Byliśmy w Parku Jurajskim. Nie filmowym, ale tym prawdziwym

Sensacja gruchnęła zaledwie dwa lata po ogłoszeniu teorii ewolucji Charlesa Darwina. Zdawała się ją udowadniać, wyrzucać na śmietnik opozycję sceptyków. Darwin triumfował, a wszystko przez znalezisko w niemieckim Solnhofen. Pojechaliśmy tam.

Kamieniołomy w Solnhofen, gdzie znaleziono archeopteryksa
Kamieniołomy w Solnhofen, gdzie znaleziono archeopteryksaObcyKot123RF/PICSEL

Solmhofen to nieduże bawarskie miasteczko. Zasadniczo różni się jednak od wszystkich innych w pobliżu. Tu uliczki są tak wąskie, że pojazdy przepuszczają się nawzajem, a nachylenie stromizn osiąga 17 procent. To miasteczko niemal jak w górach.

Istotnie, Solnhofen znajduje się w górach. Leży w Jurze Frankońskiej. To naprawdę jest Park Jurajski i to nie ten z filmu Stevena Spielberga, ale prawdziwy.

Epoka jury ery mezozoicznej trwała ponad 50 milionów lat. To więcej niż rządy ssaków, nie mówiąc o istnieniu człowieka na Ziemi.
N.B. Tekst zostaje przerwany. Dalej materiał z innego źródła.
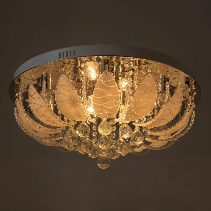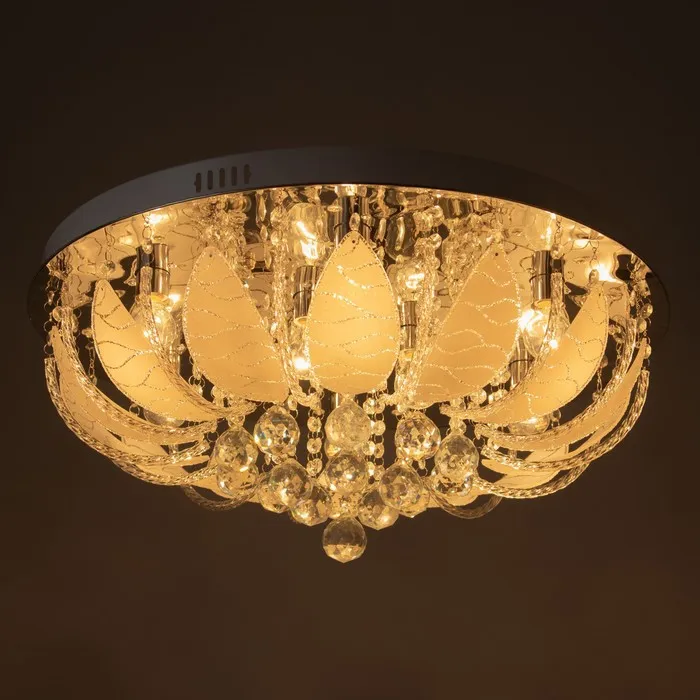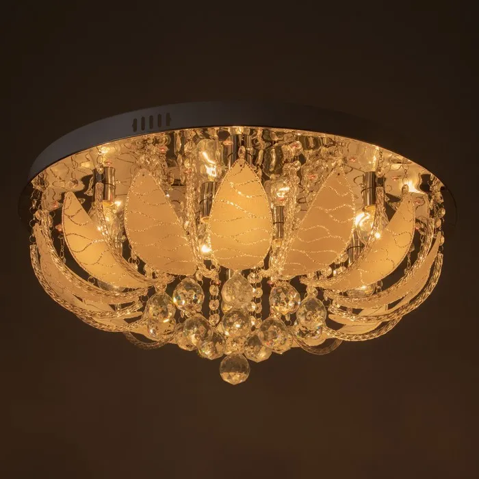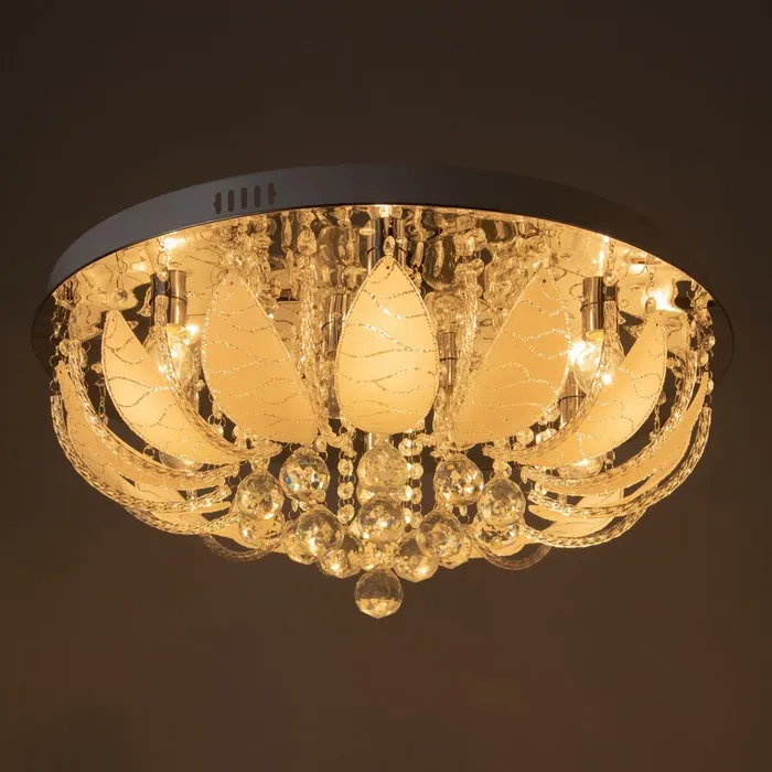 Форма служит функции: Установка на планку обеспечивает прочность и безопасность. Подходит для натяжных потолков при использовании LED-ламп. Конструкция работает как фоновое освещение и как самостоятельный декоративный объект в духе хрусталя и буше.
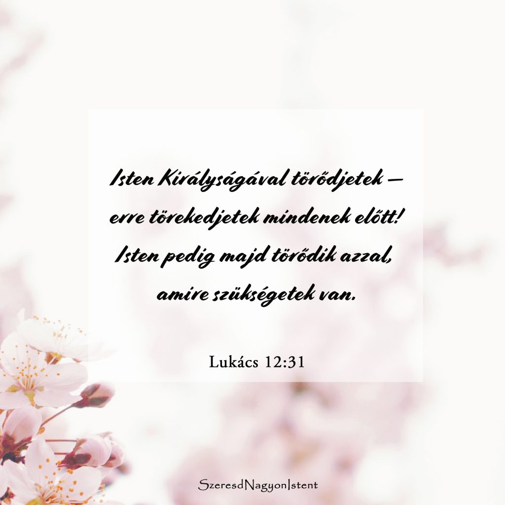 Andrea Howey Lukács 12:29-32 verseiben Jézus azt mondta a tanítványainak: „Ne aggódjatok hát amiatt, hogy lesz-e mit ennetek, vagy innotok! Azok törtetnek ilyen dolgok után, akik nem ismerik Istent. Mennyei Atyátok azonban jól tudja, hogy mindezekre szükségetek van. Isten Királyságával törődjetek — erre törekedjetek mindenek előtt! Isten pedig majd törődik azzal, amire szükségetek van. Ne […]
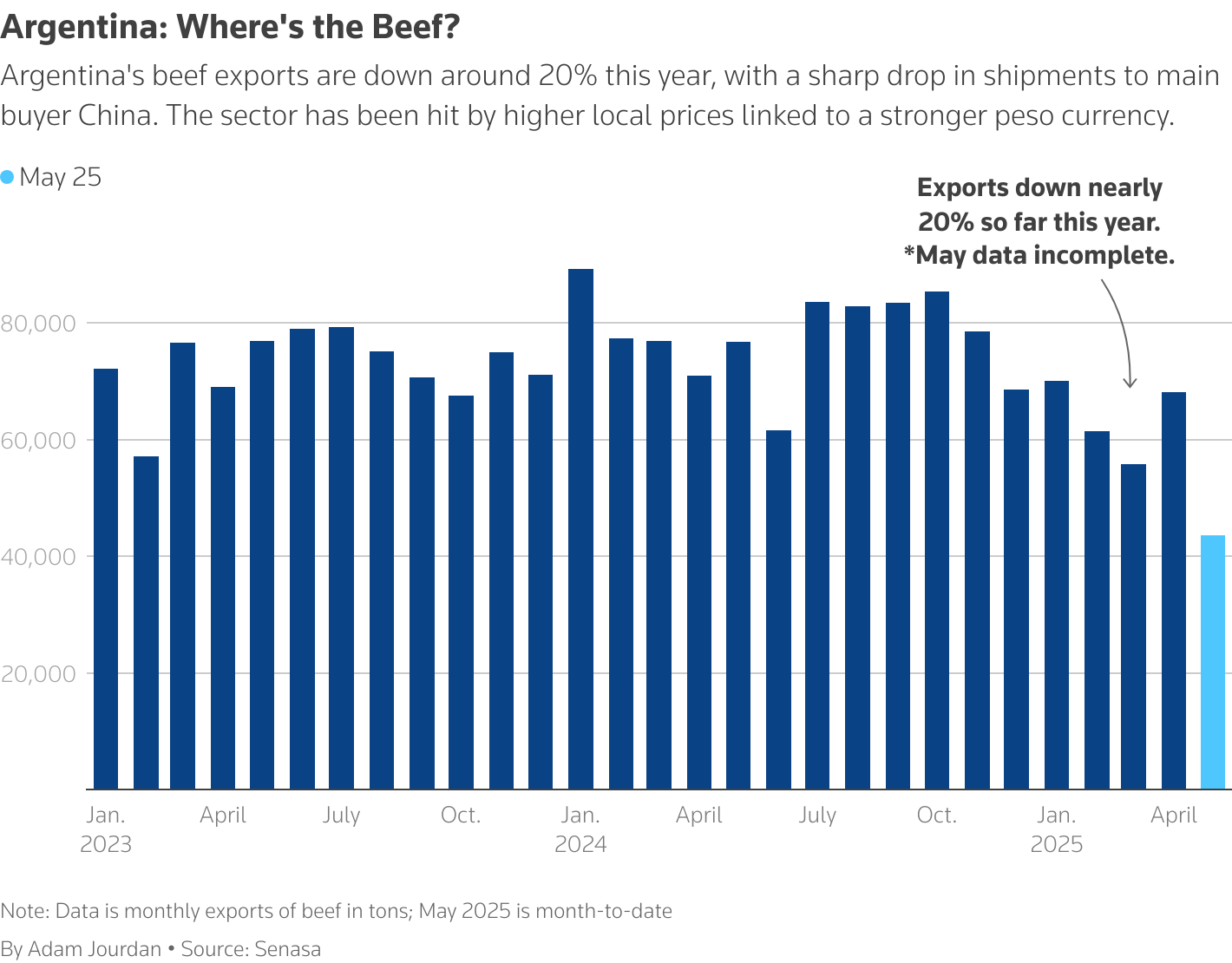 政府機構Senasa數據顯示,今年前四個月牛肉出口量同比下降近20%至約25.5萬噸。對價格敏感的最大買家中國的出口量從去年同期的20.3萬噸驟降至13.7萬噸。
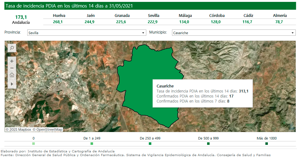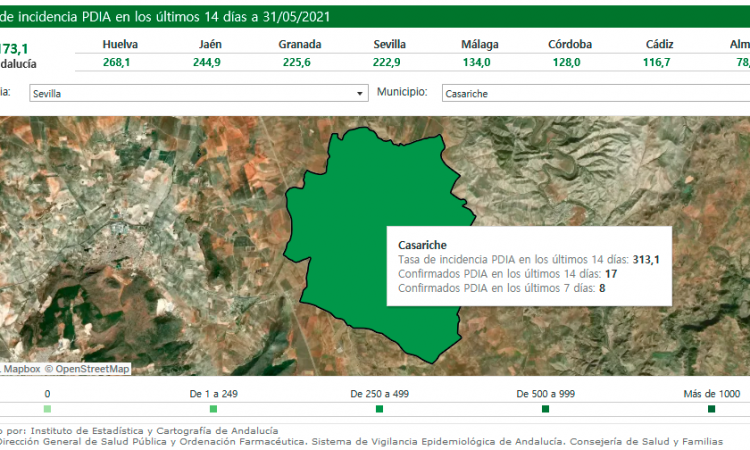 Según la última actualización de datos oficiales por parte del Instituto de Estadística y Cartografía de Andalucía y por la Consejería de Salud y Familias, durante el fin de semana (desde el pasado viernes día 28 de mayo) no se han registrado nuevos casos positivos por COVID19 en nuestra localidad.
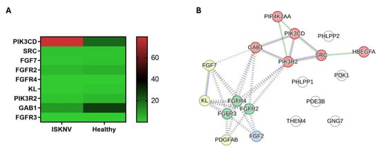 The phosphatidylinositide 3-kinase (PI3K) signaling pathway is integral to various cellular processes, including growth, proliferation, metabolism, and migration. During virus infections, this pathway can influence viral entry, replication, and immune evasion. Among the DEGs, 23 genes were found to be associated with the PI3K signaling pathway. The expression levels of the key genes involved in this pathway are illustrated in the heatmap (Figure 10A). The PPI analysis identified FGF7, FGFR2, FGFR3, FGFR4, GAB1, KL, PIK3CD, PIK3R2, and SRC as hub genes. Of these, GAB1, PIK3CD, PIK3R2, and SRC were grouped within the ErbB signaling pathway group, while FGFR2, FGFR3, and FGFR4 were categorized under the regulation of hematopoietic stem cell differentiation (Figure 10B, Tables S18 and S19).
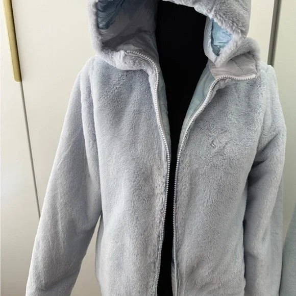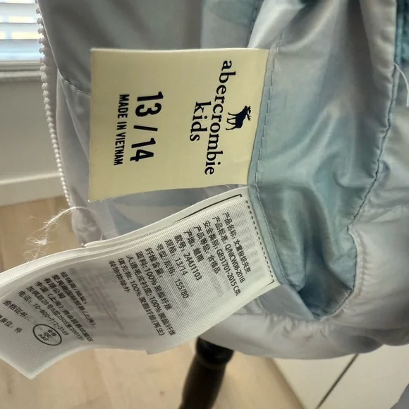 Keep your teen cozy and trendy all winter long with this amazing Abercrombie & Fitch puffer! This jacket is in excellent condition and offers ultimate versatility with its reversible design.⚡️Side 1: Classic puffer look with a cozy faux fur lining.⚡️Side 2: Stylish plain sky blue fleece for a different vibe.Designed for comfort and warmth, it's wind-resistant, water-resistant, features cozy lined pockets, and is super easy to care for as it's machine washable. Fits age 13/14 years.
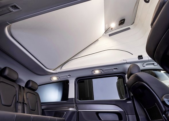 Suasana di dalam kabin dipertingkatkan dengan lampu LED pada bumbung angkat dengan pilihan tona sejuk yang menyegarkan atau tona hangat untuk berehat.
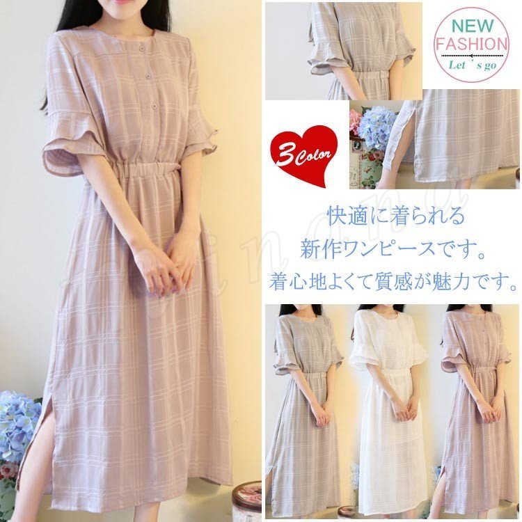 マキシワンピースチェック柄スリットレディース森ガールチュニックワンピースマキシ丈ロングシフォン半袖ワンピースキレイめ夏新作
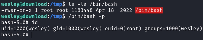 Since we have an arbitrary write as this user, I thought of creating a /bin/bash SUID binary to escalate to it. Being able to write files as the postgres user is no good if we cannot execute it as postgres.
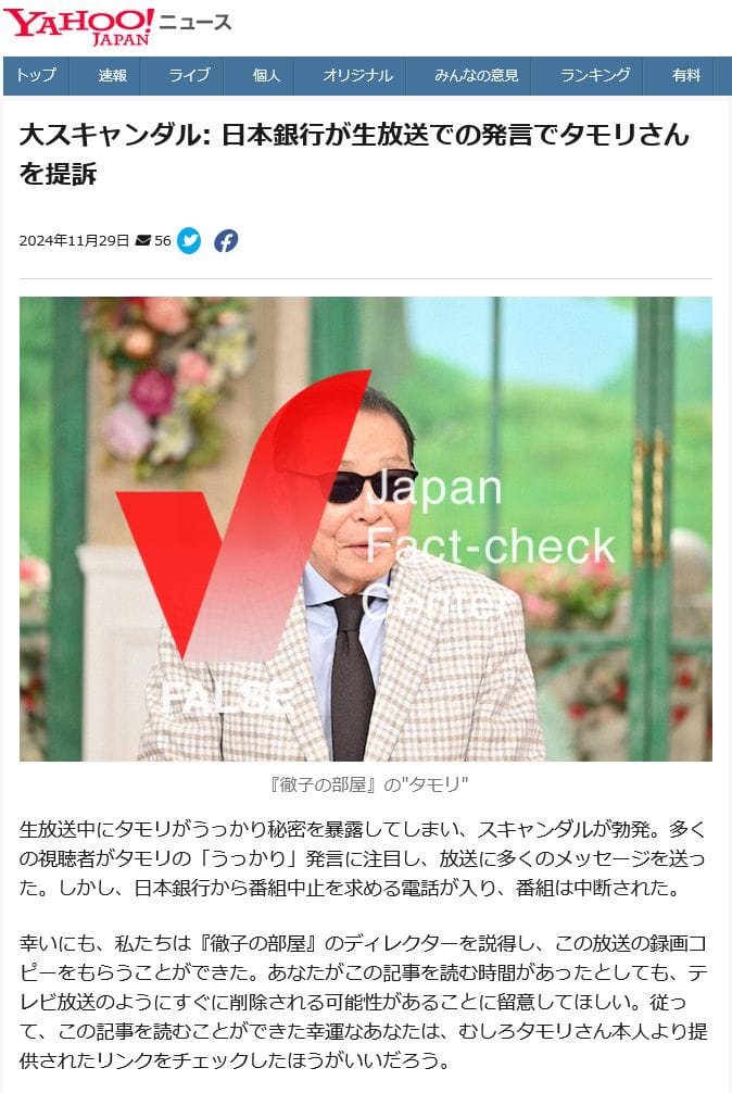 クリックすると「大スキャンダル: 日本銀行が生放送での発言でタモリさんを提訴」という記事が出てくる。
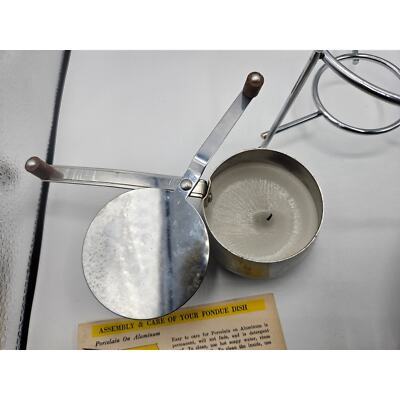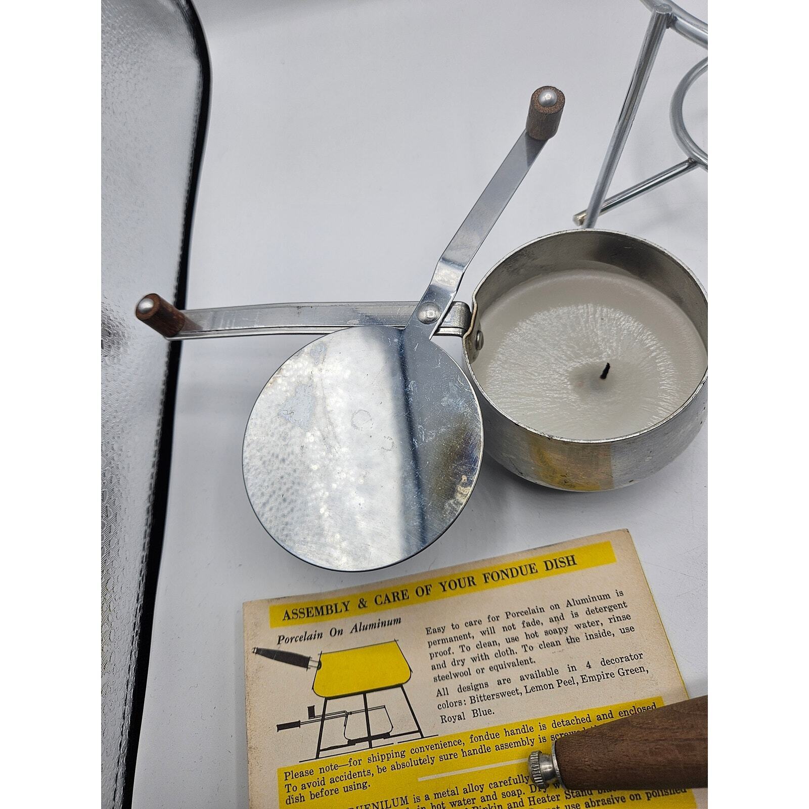 - Vintage Mid Centry Modern Fondue Pot Buehner Wanner Blue Wood Handle
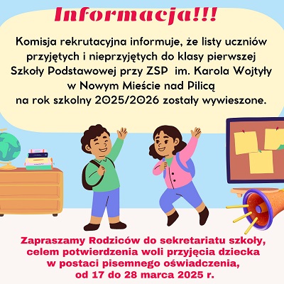Informacja Galeria zdjęć Powiązane wiadomości Rekrutacja do Przedszkola Samorządowego Wilczym Tropem - VI Edycja Miedzynarodowy Konkurs Plastyczny Informacja Dzień otwarty w Liceum Przyznanie wsparcia finansowego w ramach realizacji... Drukuj Udostępnij Data dodania: 14.03.2025 Wyświetlono: 26 Ogłoszenia
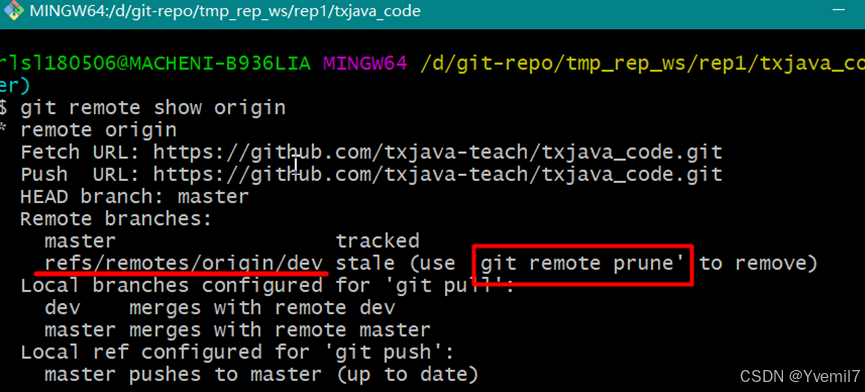查看origin远程对应的分支

Około 150 milionów lat zaczęła się wielkim rozpadem dwóch gigantycznych kontynentów dawnego świata - Gondwany na południu i Laurazji na północy. Obydwa były tak ogromne, że przyćmiewały współczesne kontynenty, co miało też wpływ na panujący na nich klimat. Laurazja zawierała w sobie tereny dzisiejszej Ameryki Północnej, Azji (bez Indii) i Europy razem wziętych. Gigant, ale ten gigant zaczął pękać.

Jura Frankońska w zasadzie nie jest górami. To raczej wyżyna sięgająca kilkuset metrów nad poziom morza, ale chwilami przewyższenia osiągają tu - bagatela - 200 metrów, więc geografowie zastanawiają się, czy to aby jednak nie góry niskie.

200 metrów to sporo, nie tak łatwo tu podjechać nawet samochodem. Trzeba redukować bieg, ale brniemy. To wszak Park Jurajski.

Krajobraz epoki jury
Krajobraz epoki juryGerhard BoeggemannWikimedia

Brzeg płytkiego, ciepłego morza w środku Niemiec

Jura, czyli czas wielkiego rozkwitu życia na Ziemi, w tym królestwa dinozaurów, wzięła nazwę właśnie od tego miejsca. Od Jury Frankońskiej, gdzie znajdowało szczątki z tego okresu.

Park Jurajski został stworzony przez Johna Hammonda (w tej roli Richard Attenborough; Richard, a nie David - to jego brat), Michaela Crichtona i Stevena Spielberga, ale de facto istniał naprawdę tutaj 150 milionów lat temu.

Epoka jury w środku mezozoiku to czas, gdy dinozaury, pterozaury i wodne zwierzęta jak ichtiozaury czy plezjozaury osiągnęły pełnię rozkwitu. Gdy myślimy o tych olbrzymach ważących nawet po 100 ton, o wielkich zauropodach, to żyły w większości z jurze. Nie było wtedy jeszcze tyranozaurów, ale były inne duże drapieżne dinozaury jak allozaury. Nie było triceratopsów, ale rośliny obgryzały wielkie stegozaury. I to nie takie rośliny, jakie znamy dzisiaj. Nie było trawy, nie było roślin kwiatowych, wielu obecnych drzew. Rosły sagowce, araukarie, cisy, miłorzęby czy paprocie drzewiaste.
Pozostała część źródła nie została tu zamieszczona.